Databases have always been able to do simple, clerical work like finding particular records that match some given criteria — say, all users who are between 20 and 30 years old. Lately database companies have been adding artificial intelligence routines into databases so the users can explore the power of these smarter, more sophisticated algorithms on their own data stored in the database.
The AI algorithms are also finding a home below the surface, where the AI routines help optimize internal tasks like re-indexing or query planning. These new features are often billed as adding automation because they relieve the user of housekeeping work. Developers are encouraged to let them do their work and forget about them.

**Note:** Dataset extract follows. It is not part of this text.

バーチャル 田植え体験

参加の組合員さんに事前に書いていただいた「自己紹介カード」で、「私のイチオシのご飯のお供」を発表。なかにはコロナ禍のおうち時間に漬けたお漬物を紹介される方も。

There’s much more interest, though, in AI routines that are open to users. These machine learning algorithms can classify data and make smarter decisions that evolve and adapt over time. They can unlock new use cases and enhance the flexibility of existing algorithms.
In many cases, the integration is largely pragmatic and essentially cosmetic. The calculations are no different from those that would occur if the data was exported and shipped to a separate AI program. Inside the database, the AI routines are separate and just take advantage of any internal access to the data. Sometimes this faster access can speed up the process dramatically. When the data is substantial, sometimes merely moving it can take up a large portion of the time.
The integration can also limit analysis to the algorithms that are officially part of the database. If the users want to deploy a different algorithm, they must return to the old process of exporting the data in the right format and importing it into the AI routine.
The integration can take advantage of some of the newer distributed, in-memory databases that easily spread out the load and the data storage over multiple machines. These can easily handle a large amount of data. If complex analysis is necessary, it may not be hard to increase the CPU capacity and RAM allocated to each machine.
Some AI-powered databases are also able to leverage GPU chips. Some AI algorithms use the highly parallel architecture of the GPUs to train machine learning models and run other algorithms. There are also some custom chips specially designed for AI that can dramatically accelerate the analysis.
One of the biggest advantages, though, may be the standard interface, which is often SQL, a language that’s already familiar to many programmers. Many software packages already interact easily with SQL databases. If someone wants more AI analysis, it’s no more complex than learning the new SQL instructions.
What are established companies doing?
Artificial intelligence is a very competitive field now. All of the major database companies are exploring integrating the algorithms with their tools. In many cases, the companies offer so many options that it’s impossible to summarize them here.
Oracle has integrated AI routines into their databases in a number of ways, and the company offers a broad set of options in almost every corner of its stack. At the lowest levels, some developers, for instance, are running machine learning algorithms in the Python interpreter that’s built into Oracle’s database. There are also more integrated options like Oracle’s Machine Learning for R, a version that uses R to analyze data stored in Oracle’s databases. Many of the services are incorporated at higher levels — for example, as features for analysis in the data science tools or analytics.
IBM also has a number of AI tools that are integrated with their various databases, and the company sometimes calls Db2 “the AI database.” At the lowest level, the database includes functions in its version of SQL to tackle common parts of building AI models, like linear regression. These can be threaded together into customized stored procedures for training. Many IBM AI tools, such as Watson Studio, are designed to connect directly to the database to speed model construction.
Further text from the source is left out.